Data provided
◆ ◆ ◆ ◆ ◆ ◆ ◆
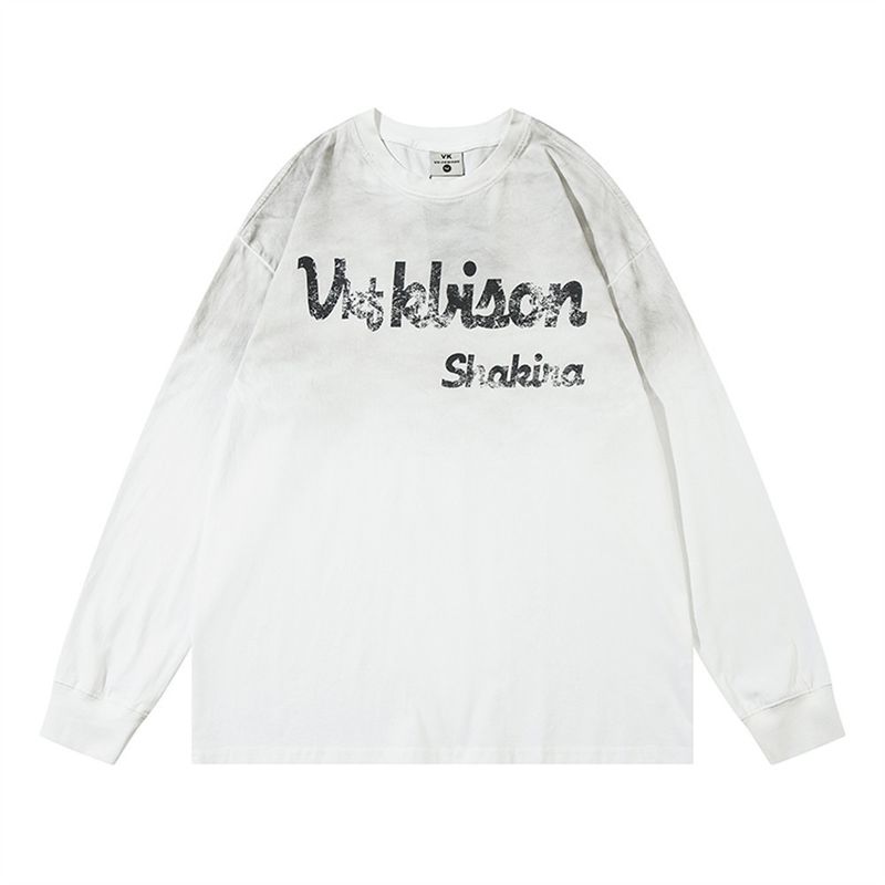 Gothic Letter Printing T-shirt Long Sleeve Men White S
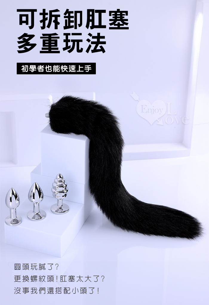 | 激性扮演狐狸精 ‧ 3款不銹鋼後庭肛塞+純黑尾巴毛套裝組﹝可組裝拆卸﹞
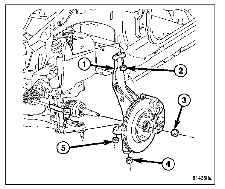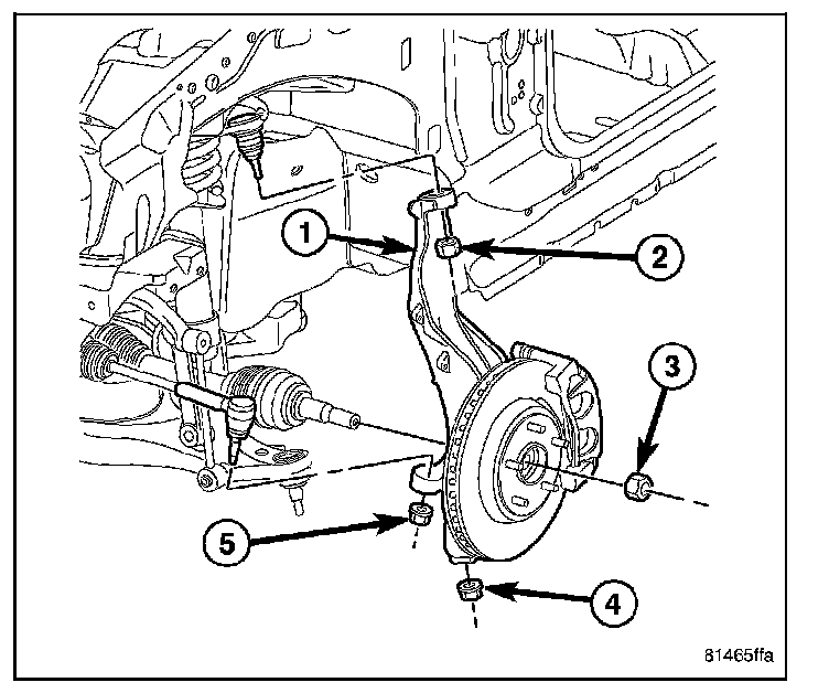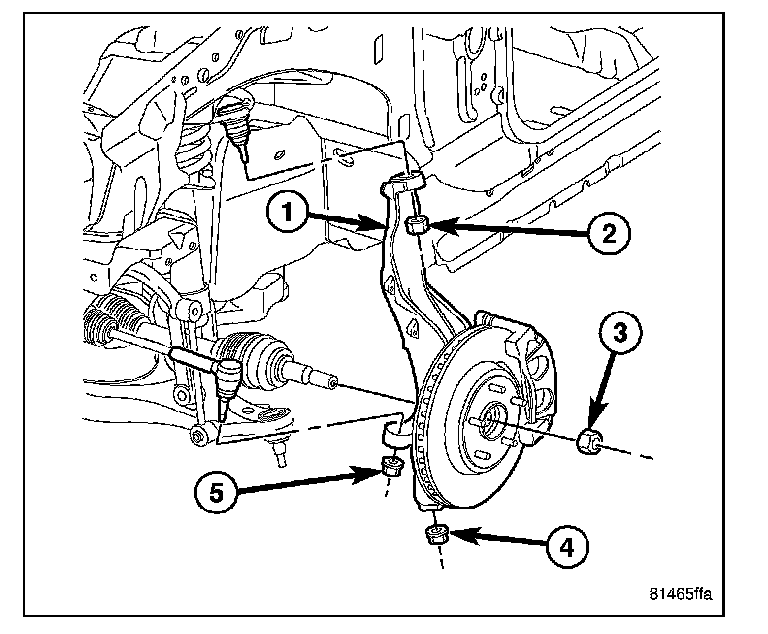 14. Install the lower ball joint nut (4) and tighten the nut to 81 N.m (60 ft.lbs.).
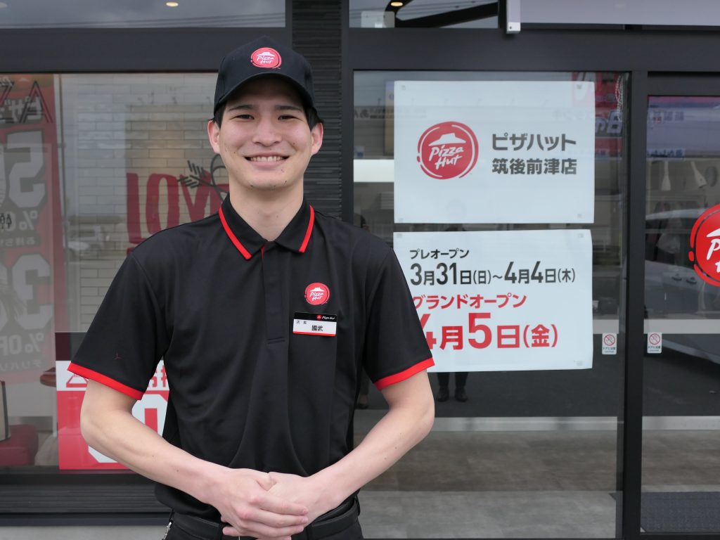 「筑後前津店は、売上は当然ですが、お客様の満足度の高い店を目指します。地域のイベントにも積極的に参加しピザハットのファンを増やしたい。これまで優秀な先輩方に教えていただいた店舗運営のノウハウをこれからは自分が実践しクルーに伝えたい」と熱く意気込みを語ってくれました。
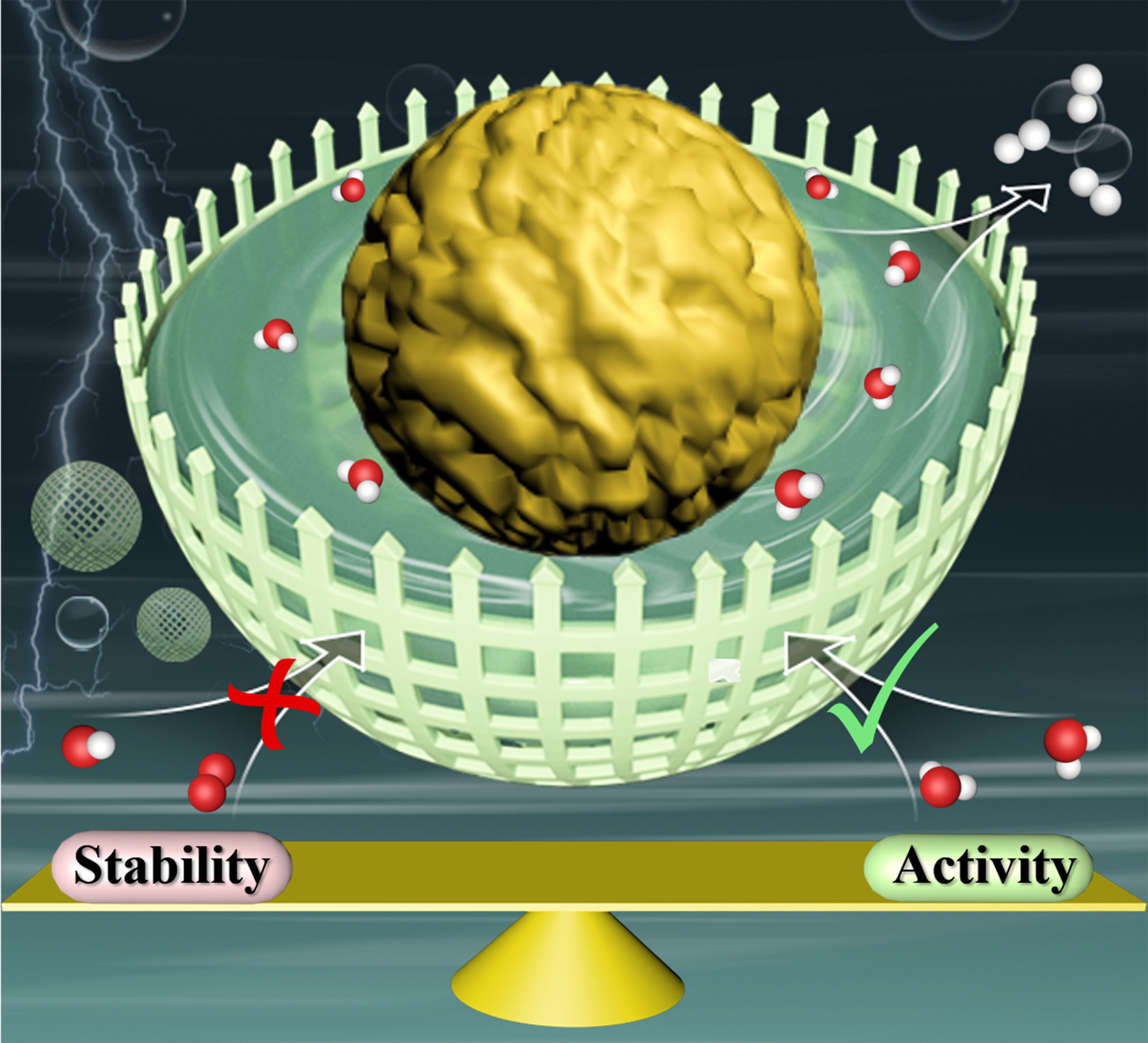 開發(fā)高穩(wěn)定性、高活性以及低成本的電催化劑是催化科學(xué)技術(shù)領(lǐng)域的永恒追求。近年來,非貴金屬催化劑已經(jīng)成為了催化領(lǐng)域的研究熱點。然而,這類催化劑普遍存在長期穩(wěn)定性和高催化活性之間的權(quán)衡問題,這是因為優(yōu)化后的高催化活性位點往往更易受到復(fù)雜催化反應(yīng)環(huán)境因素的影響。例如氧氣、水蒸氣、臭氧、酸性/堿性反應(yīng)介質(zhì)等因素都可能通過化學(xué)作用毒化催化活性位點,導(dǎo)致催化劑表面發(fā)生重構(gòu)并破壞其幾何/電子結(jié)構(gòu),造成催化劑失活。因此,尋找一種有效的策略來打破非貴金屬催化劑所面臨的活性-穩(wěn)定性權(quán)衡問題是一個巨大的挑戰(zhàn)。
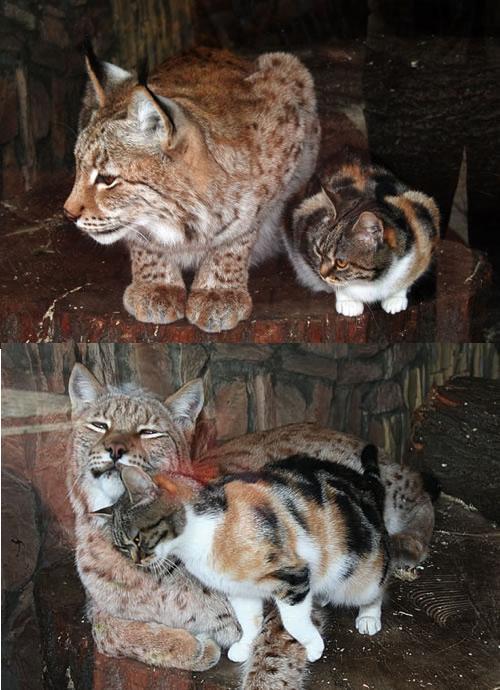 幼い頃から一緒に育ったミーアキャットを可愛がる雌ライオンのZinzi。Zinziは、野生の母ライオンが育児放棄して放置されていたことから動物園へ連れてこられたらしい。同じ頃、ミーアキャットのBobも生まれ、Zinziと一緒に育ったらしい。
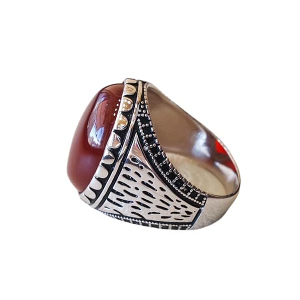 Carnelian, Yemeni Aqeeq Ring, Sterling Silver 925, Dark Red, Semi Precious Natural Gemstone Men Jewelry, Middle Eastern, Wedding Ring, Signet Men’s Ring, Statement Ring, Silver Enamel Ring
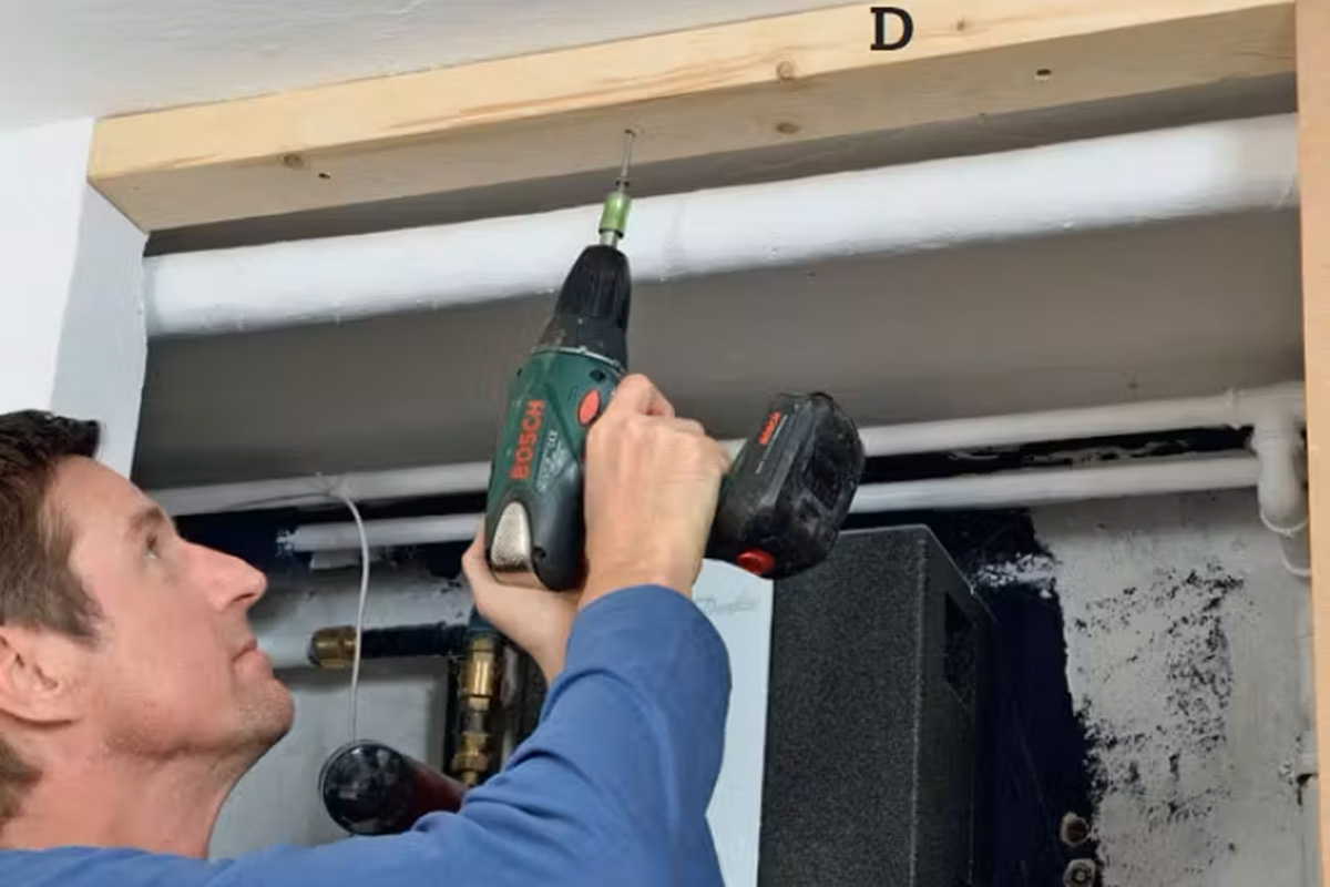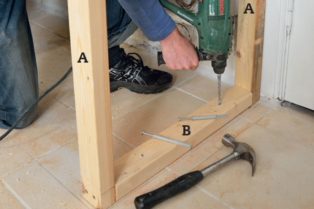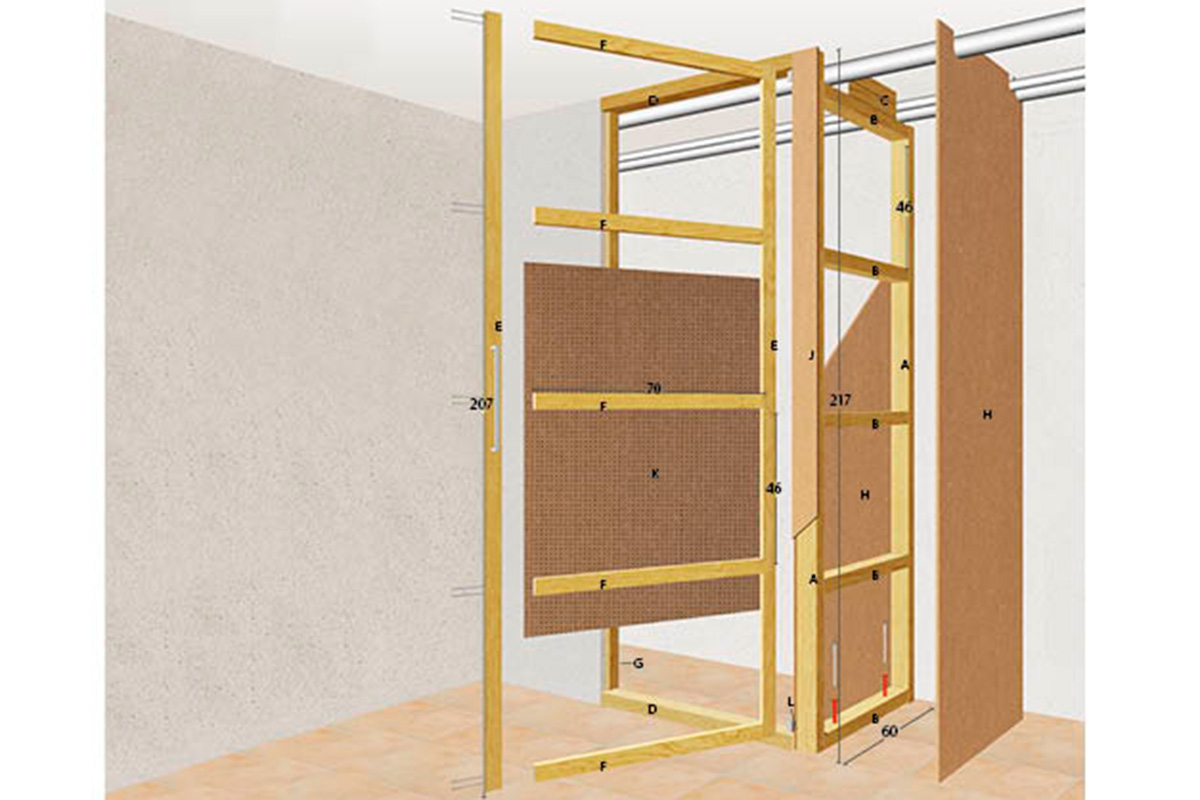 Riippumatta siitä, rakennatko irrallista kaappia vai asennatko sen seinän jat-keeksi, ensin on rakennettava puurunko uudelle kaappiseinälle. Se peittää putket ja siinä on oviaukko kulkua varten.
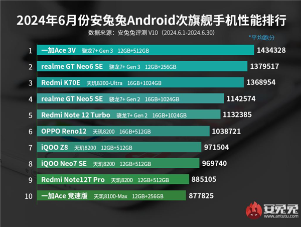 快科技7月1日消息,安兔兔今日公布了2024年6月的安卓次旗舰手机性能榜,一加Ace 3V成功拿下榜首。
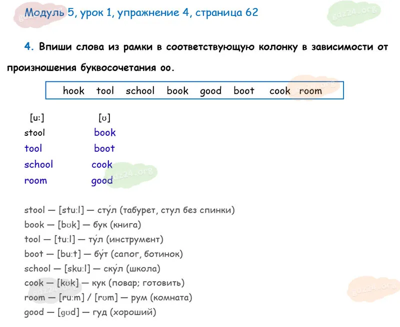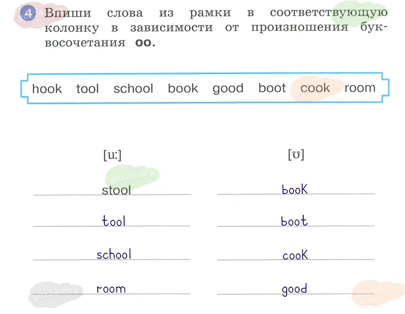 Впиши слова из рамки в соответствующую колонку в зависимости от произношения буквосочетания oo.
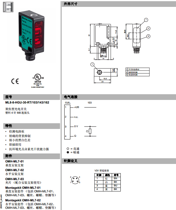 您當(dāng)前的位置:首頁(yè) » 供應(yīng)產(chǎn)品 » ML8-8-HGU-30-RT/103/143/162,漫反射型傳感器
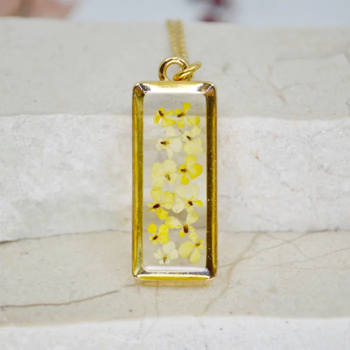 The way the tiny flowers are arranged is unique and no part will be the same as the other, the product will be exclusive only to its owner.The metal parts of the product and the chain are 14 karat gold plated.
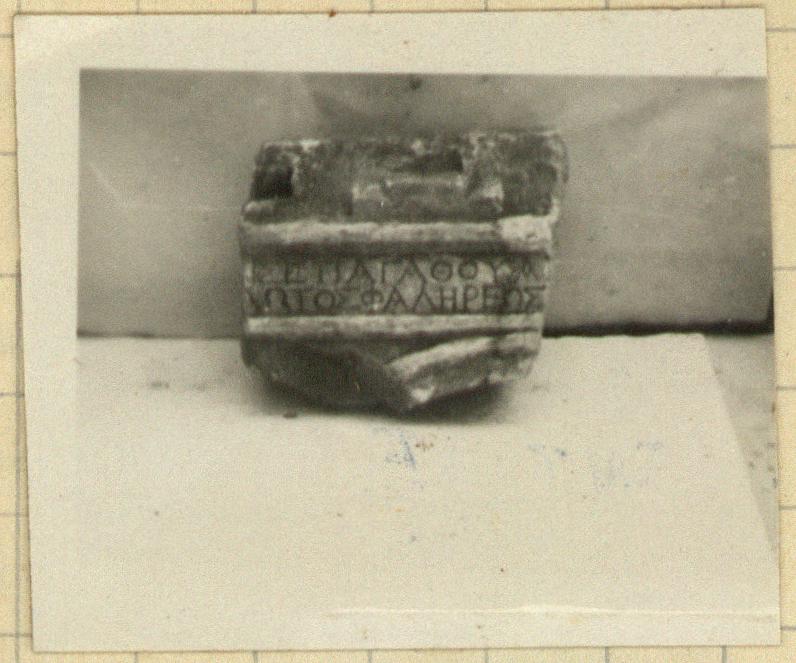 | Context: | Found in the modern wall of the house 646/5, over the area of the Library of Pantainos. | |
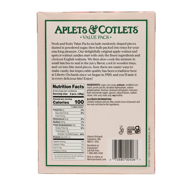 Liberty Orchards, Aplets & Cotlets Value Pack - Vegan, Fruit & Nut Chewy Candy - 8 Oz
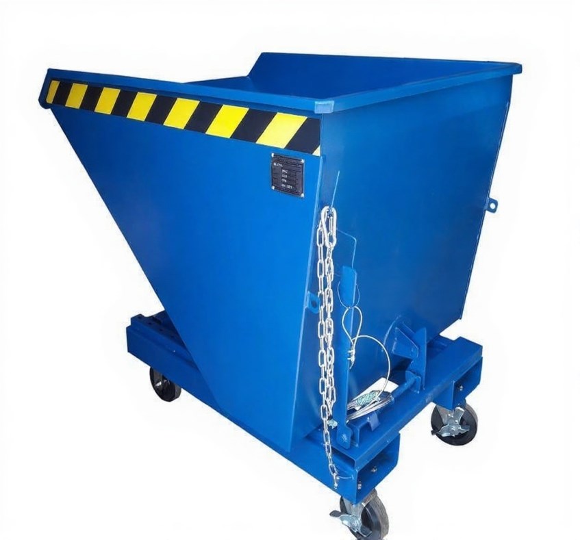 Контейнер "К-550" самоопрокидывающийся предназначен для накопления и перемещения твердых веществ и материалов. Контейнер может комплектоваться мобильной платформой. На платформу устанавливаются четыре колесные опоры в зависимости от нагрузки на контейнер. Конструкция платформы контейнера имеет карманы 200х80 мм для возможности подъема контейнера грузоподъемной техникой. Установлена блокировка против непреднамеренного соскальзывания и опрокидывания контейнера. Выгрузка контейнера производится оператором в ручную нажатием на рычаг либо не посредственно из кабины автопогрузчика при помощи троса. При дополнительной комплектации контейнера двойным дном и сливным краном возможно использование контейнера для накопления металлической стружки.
◆ ◆ ◆ ◆ ◆ ◆ ◆
What this task involves
Look back over the records above. Reproduce exactly everything from the line with "Carnelian, Yemeni Aqeeq" down to the line with "Liberty Orchards, Aplets", inclusive, and leave the pictures out.

Reply to the exercise
 Carnelian, Yemeni Aqeeq Ring, Sterling Silver 925, Dark Red, Semi Precious Natural Gemstone Men Jewelry, Middle Eastern, Wedding Ring, Signet Men’s Ring, Statement Ring, Silver Enamel Ring
 Riippumatta siitä, rakennatko irrallista kaappia vai asennatko sen seinän jat-keeksi, ensin on rakennettava puurunko uudelle kaappiseinälle. Se peittää putket ja siinä on oviaukko kulkua varten.
 快科技7月1日消息,安兔兔今日公布了2024年6月的安卓次旗舰手机性能榜,一加Ace 3V成功拿下榜首。
 Впиши слова из рамки в соответствующую колонку в зависимости от произношения буквосочетания oo.
 您當(dāng)前的位置:首頁(yè) » 供應(yīng)產(chǎn)品 » ML8-8-HGU-30-RT/103/143/162,漫反射型傳感器
 The way the tiny flowers are arranged is unique and no part will be the same as the other, the product will be exclusive only to its owner.The metal parts of the product and the chain are 14 karat gold plated.
 | Context: | Found in the modern wall of the house 646/5, over the area of the Library of Pantainos. | |
 Liberty Orchards, Aplets & Cotlets Value Pack - Vegan, Fruit & Nut Chewy Candy - 8 Oz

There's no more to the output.